I Am Wondering If I Am Worth AnythingSometimes I find myself wondering why I have a mother. Mothers are loving and kind right? They never get tired or fed up of you right?
I gave up a lot to stand by my mother when she went through depression. Now I'm anorexic and depressed myself, not because I want her attention but because I want to die. Life has been a very long, painful and hard thing for me. There's no mood swings just lows that stretch on forever like a bleak road ahead of me. I feel alone. My mum has devoted her life to making me feel bad about myself. She continuously shouts at me and feeds me great mountains of guilt that weigh me down and consume me. Then she suddenly climbs through and gives me a hug before walking off again, I try to hug her back and I get shoved away. Each time I reach out for her my hands return empty and sore.
So many times I lie alone and talk to myself in my mind, pretending I'm talking to someone, so many times I fall asleep in my own tears and wake up hopeful before sadness stabs my heart and I just lie there, staring at the ceiling and listening to my brothers and parents either arguing or talking or just laughing. They drag me out with them and I find myself meekly following them, lost in my own world.
I don't know why I do anything apart from it being a repetitive cycle that I go through everyday; wake up, sit ups, water, smile, smile, music, Twitter, art, walking, water, eye liner, Chris Brown, Twitter, smile, cry, sit ups, cry. <= that's about everything I go through in a day everyday.

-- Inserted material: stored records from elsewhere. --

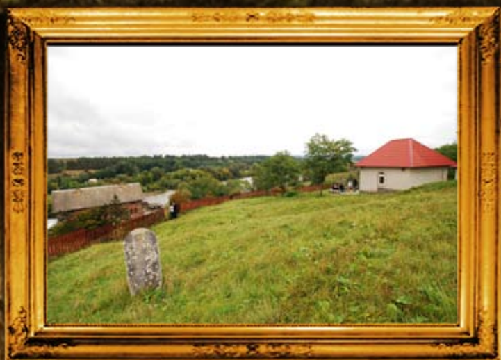
ברסלב - אוהל רבי נתן וחלק משטח בית הקברות. למטה: גדר בית הקברות
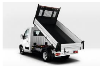
Master Benne Propulsion
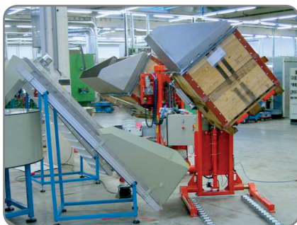
Logiflex met zijdelings kantelende vorken voor het heffen en ledigen van onderdelen in een productielijn.

People are so scary. They judge me a lot and their constant accusations have torn my heart to shreds.
I want to be alone somewhere with just one other person who actually understands and listens. Someone who I can talk to and who always knows how I feel. I wonder if someone like that exists....or am I just too hopeful?
I don't know how many times I've heard 'you're such a selfish person. You don't care about anyone but yourself. You're too consumed by self pity to see anything'. And each time I've just smiled and walked away. I envy the dead, they don't have to fake smiles and no one judges them, they aren't accused of anything and nothing hurts them anymore.
I wish I was the perfect child my mum wanted. Maybe then she would have actually loved me?